Engines are more like ‘super-plugins’, and provided a sort of
‘inverted’ version of Productize. In a nutshell, if you want to share
views and controllers as well as models, you might want to use an
engine:

http://rails-engines.org/wiki/pages/When+To+Create+An+Engine

  • james

Geez… who would have thought that you had to mess around with engines
and the like just to share code?? thats 1 thing thats easier in java.

I suppose this is why ROR is sometimes said to be not very scalable?

Any comments on this?

I NEED to convince my boss that ROR is scalable (in terms of size not
number of hits). Any ideas what i can say? I write enterprise
(debateable) software for our organisation.

James,

What is it about engines/plugins that makes it harder than ‘in java’?
I’d love to hear your audible sigh qualified.

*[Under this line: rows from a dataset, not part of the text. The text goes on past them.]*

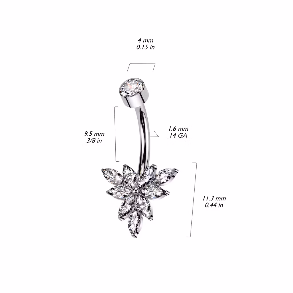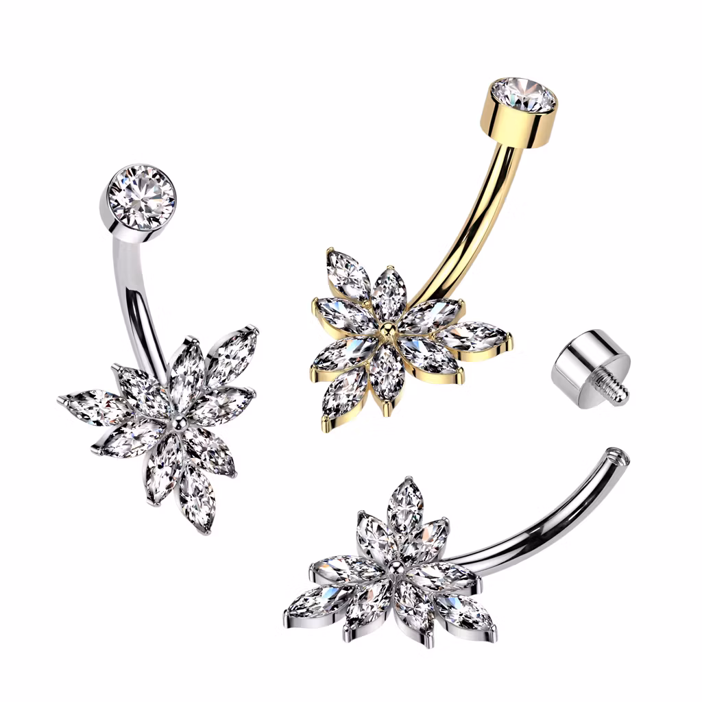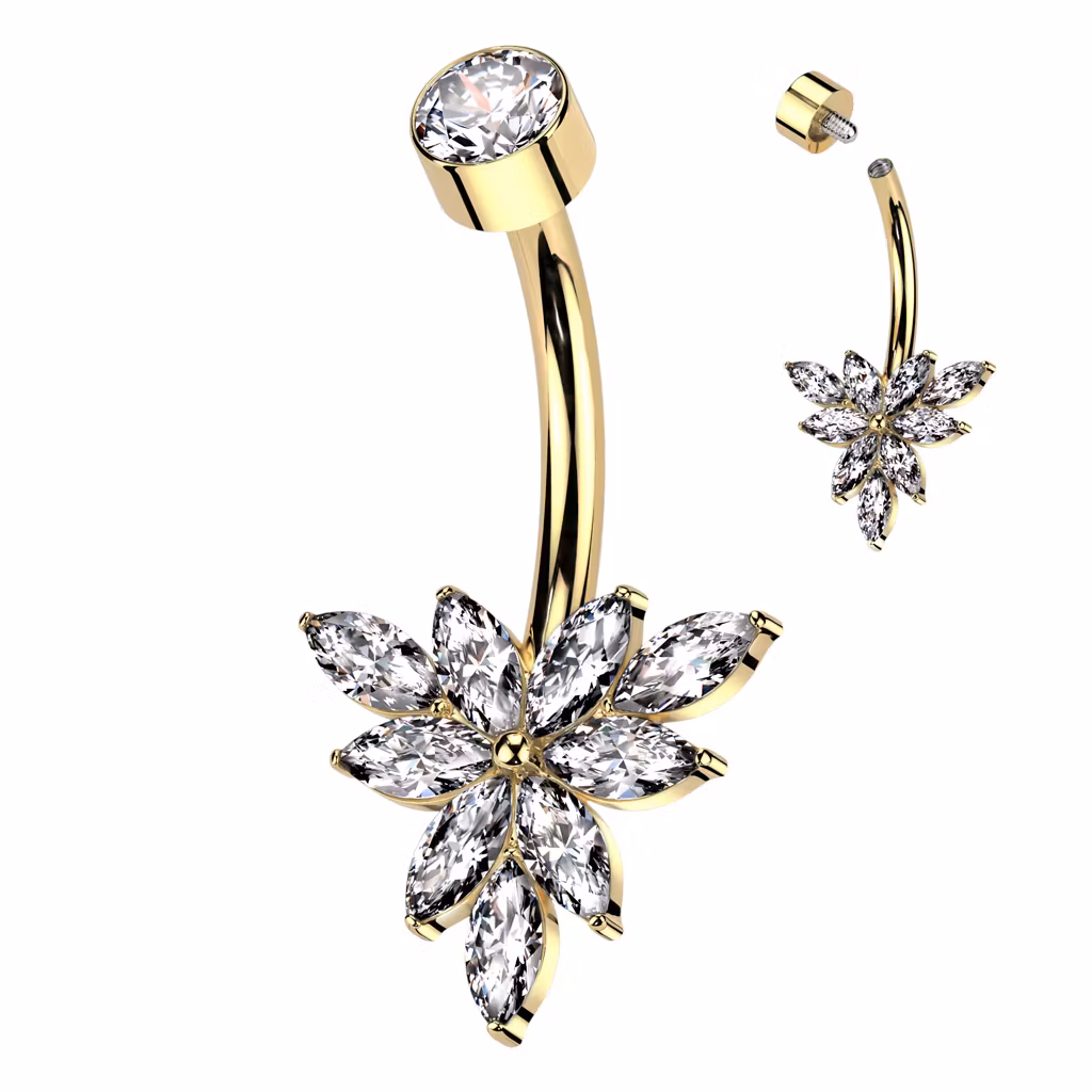 Navelsmycke helt tillverkad i implantatsäker ASTM-F136 Grade 23 Titanium. Blomma med marquisesnittslipade kubisk zirconia. 4mm cylinderformad kula i toppen. 10mm lång banana invändigt gängad och 14gauge - 1,6mm. Den guldfärgade är PVD-pläterad.
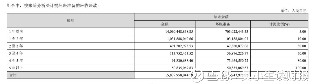 比如这家企业从赊销款产生的那个时点一直到资产负债表日(每年的12月31号),这个时间段在1年以内的应收账款,一共有140多亿元。
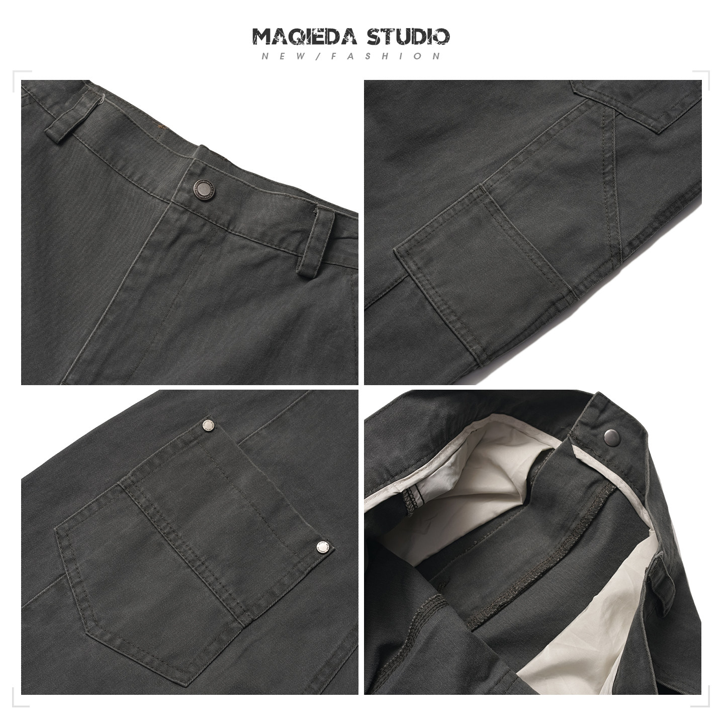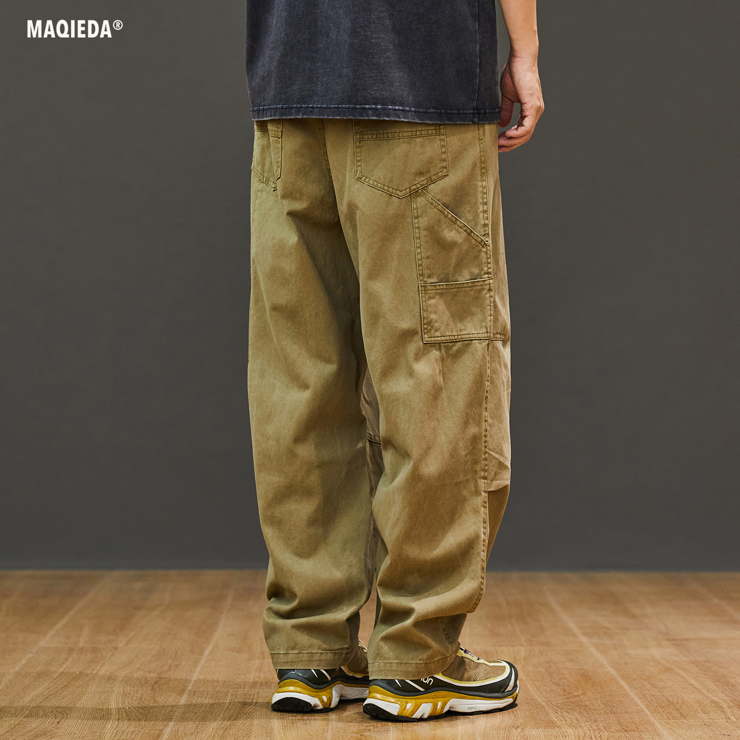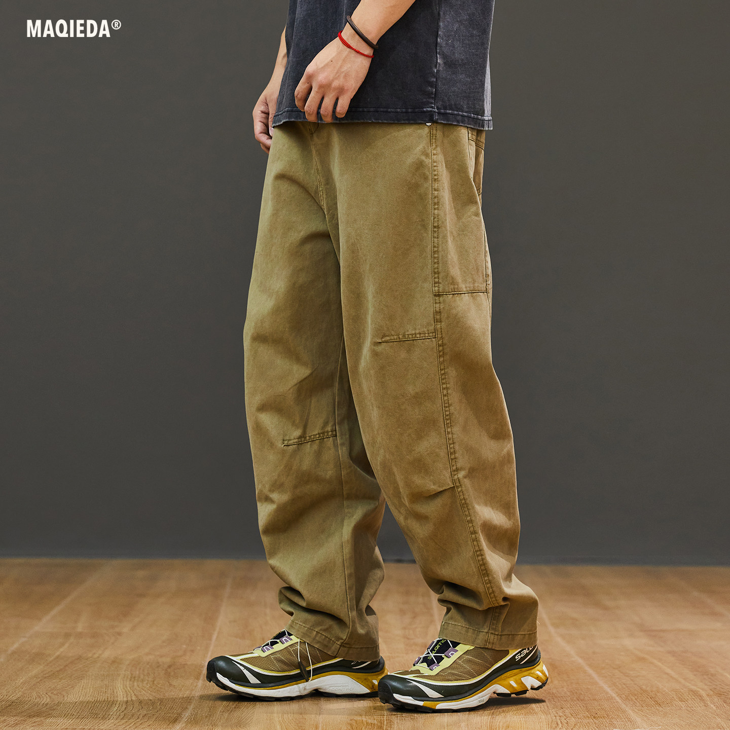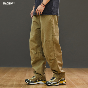 美式 复古宽松百搭裤 高街直筒长裤 纯棉休闲弯刀裤 子潮牌 工装 男秋季
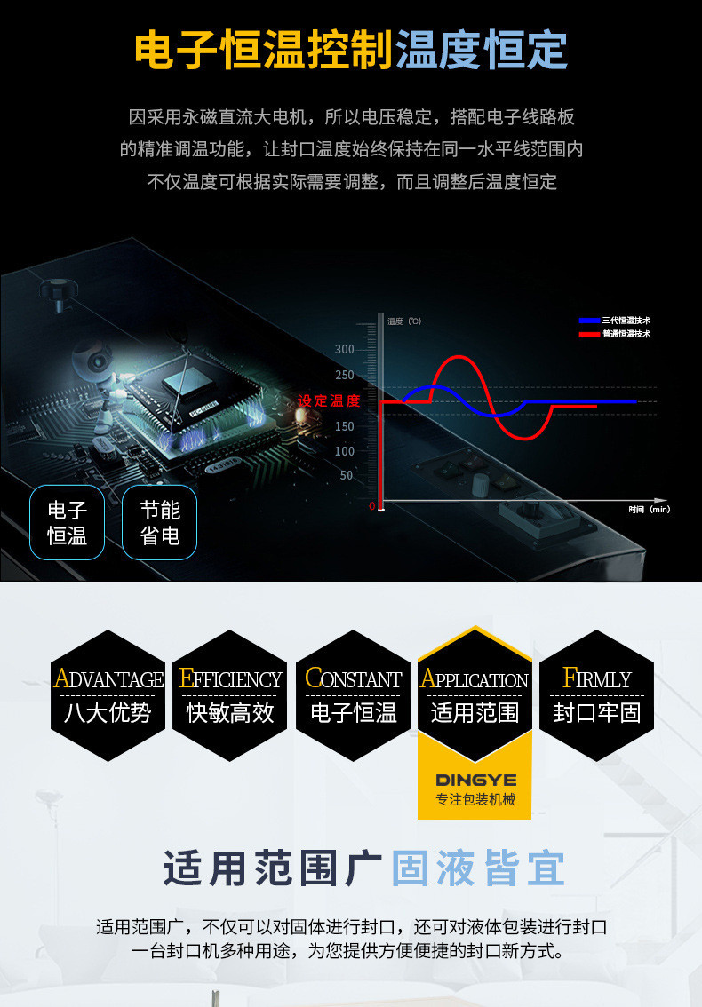 封口包裝機的主要功能是將充填有包裝物的容器進行封口。?這種機械在產品裝入包裝容器后,?通過不同的封口方式,?如遠紅外線輻射直接加熱PVC/POP收縮膜,?達到完美的收縮包裝效果,?從而實現密封、?防塵、?防潮和防盜性。?封口包裝機的應用范圍廣泛,?包括食品、?餐具、?熟食品、?肉類、?方便面、?面食、?飲料、?糖果、?文化用品、?超市商品、?五金工具、?日用百貨、?工藝品、?化工產品、?木制品、?印刷制品、?塑料制品、?玻璃制品、?電子元件等產品
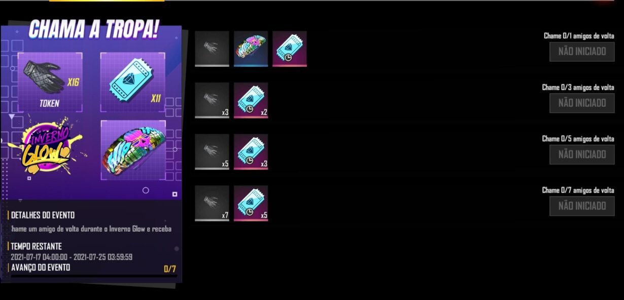 Ao invés dos diamantes, os jogadores coletarão 11 tickets de diamante para abrir caixas. Além disso, também estarão disponíveis outros dois cosméticos que fazem parte do Inverno Glow, evento ativo atualmente no Free Fire. Assim, ao chamar pelo menos um amigo de volta ao Free Fire, será possível resgatar o Paraquedas Glow.
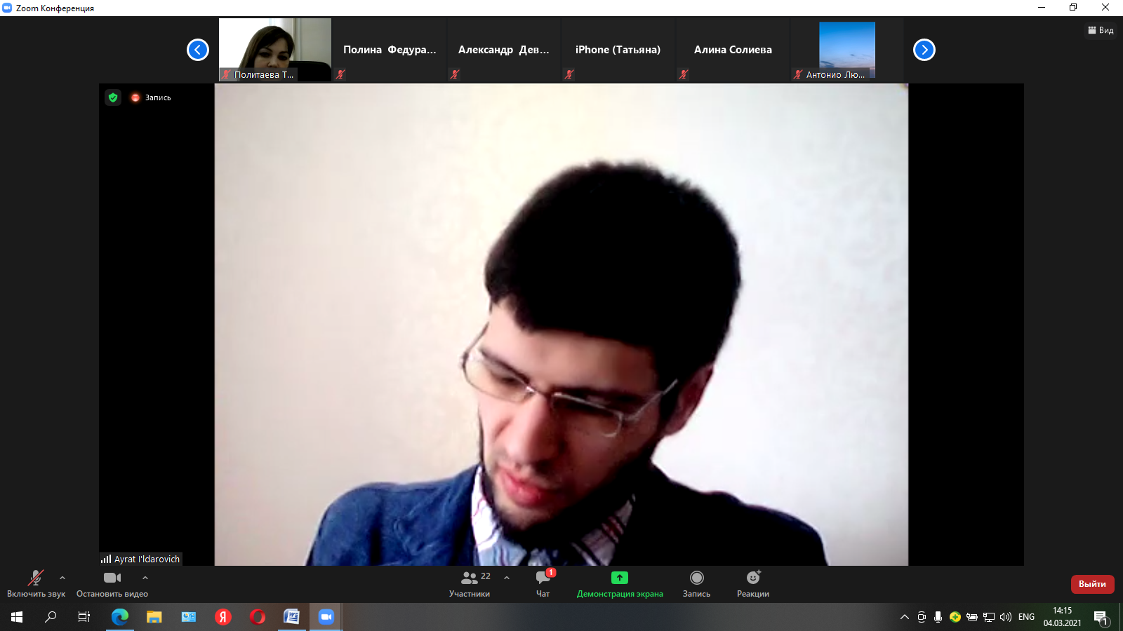 4 марта состоялась онлайн-встреча на платформе Zoom организаторов VI Международного фестиваля культур “Festive Mosaic of Cultures” с участниками фестиваля и комиссией, оценивающих представленные работы конкурсантов. В качестве членов жюри конкурса выступили преподаватели кафедры музыкального и хореографического образования. В ходе данной встречи были подведены итоги фестиваля.
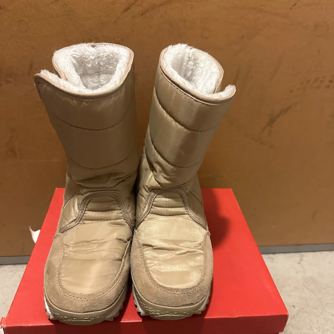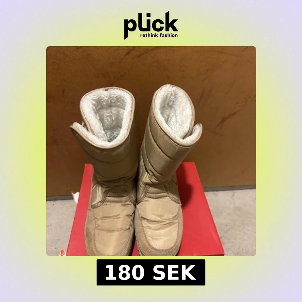 Säljer ett par beiga moon boots med mjukt vitt foder på insidan. Skorna har quiltad ovandel och platt sula, perfekta för kalla vinterdagar. Yttermaterialet är syntet och mocka, vilket ger både värme och stil. Passar dig som vill ha varma och bekväma skor under vintern.
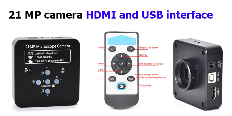 1. Камера 2,0 МП. Интерфейс VGA и HDMI. Они могут только смотреть 2. Камера 16 MP/ 21 MP/ 34 MP/ 4K. Интерфейс HDMI и USB. Они могут быть подключены к ПК через интерфейс USB. Они могут делать фотографии, измерять и видео и т. Д.
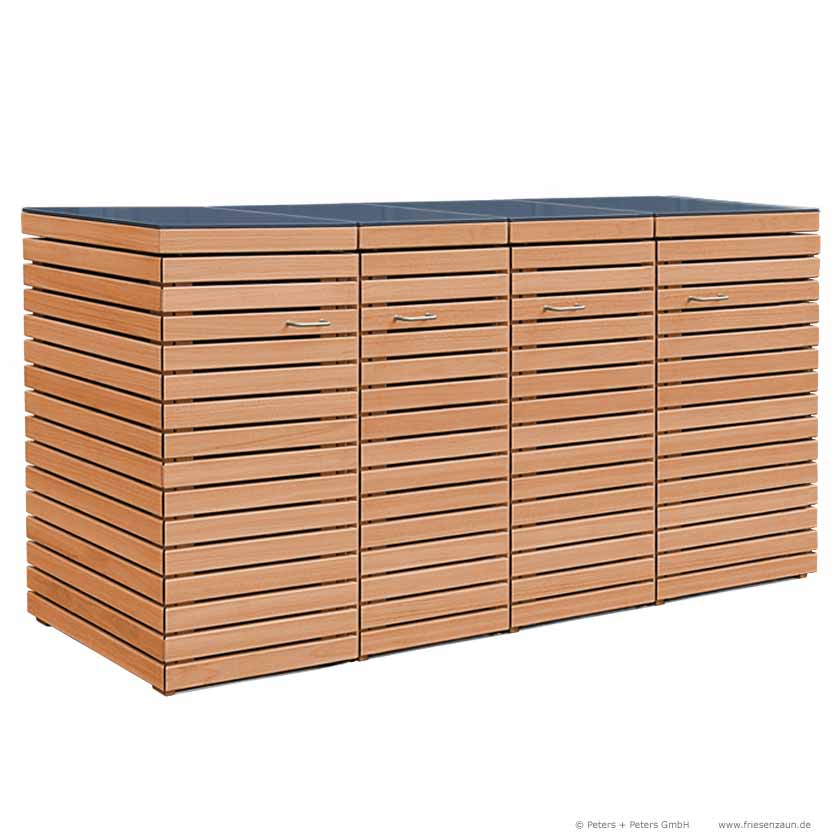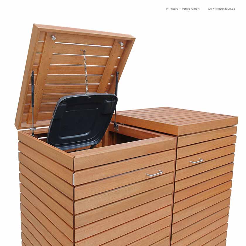 Die Mülltonnenbox CUBUS wird aus quasi astfreiem, extra massivem FSC-Eukalyptus Hartholz (1. Sortierung) gefertigt. Die Premium-Verarbeitung wird auch Sie begeistern. Die Rahmen der Mülltonnenbox sind aufwendig gezapft und gedübel. Die waagerechten Leisten werden von außen unsichtbar mit jeweils 4 Schrauben aus rostfreiem Edelstahl mit dem Rahmen von innen verschraubt. Für eine einfache Bedienung ist jeder Deckel mit jeweils 2 Gasdruckfedern ausgestattet.

This is the kind of answer i was hoping for. I should have asked “are
engines messy?”

James what do you qualify as an enterprise setting?

Thanks,
Chris

What is it about engines/plugins that makes it harder than ‘in java’?
I’d love to hear your audible sigh qualified.

FYI, we are using RoR (and Engines) as part of a 7-person team in an
‘enterprise’ setting, with great success, and very little messing
around.

  • james

Geez… who would have thought that you had to mess around with engines
and the like just to share code?? thats 1 thing thats easier in java.

Coming from a java background, I don’t find code sharing harder in
Rails than J2EE. Using plugins to share library code scales very
well, right from a few shared methods up to large code libraries.
Certainly no more difficult than using jars.

If you want to share more than just ruby code (including controllers
and views), then as James says, engines provide a sort of ‘super
plugin’ system. I don’t know of any equivalent facility in J2EE.

I suppose this is why ROR is sometimes said to be not very scalable?
Any comments on this?
I NEED to convince my boss that ROR is scalable (in terms of size not
number of hits). Any ideas what i can say? I write enterprise
(debateable) software for our organisation.

Rails tries as hard as possible to be as concise as possible, so you
never have to write more code than you need. This results in far less
code for the same functionality as you’d write in J2EE (rough
estimate, less than half the code). Less code = less maintainance.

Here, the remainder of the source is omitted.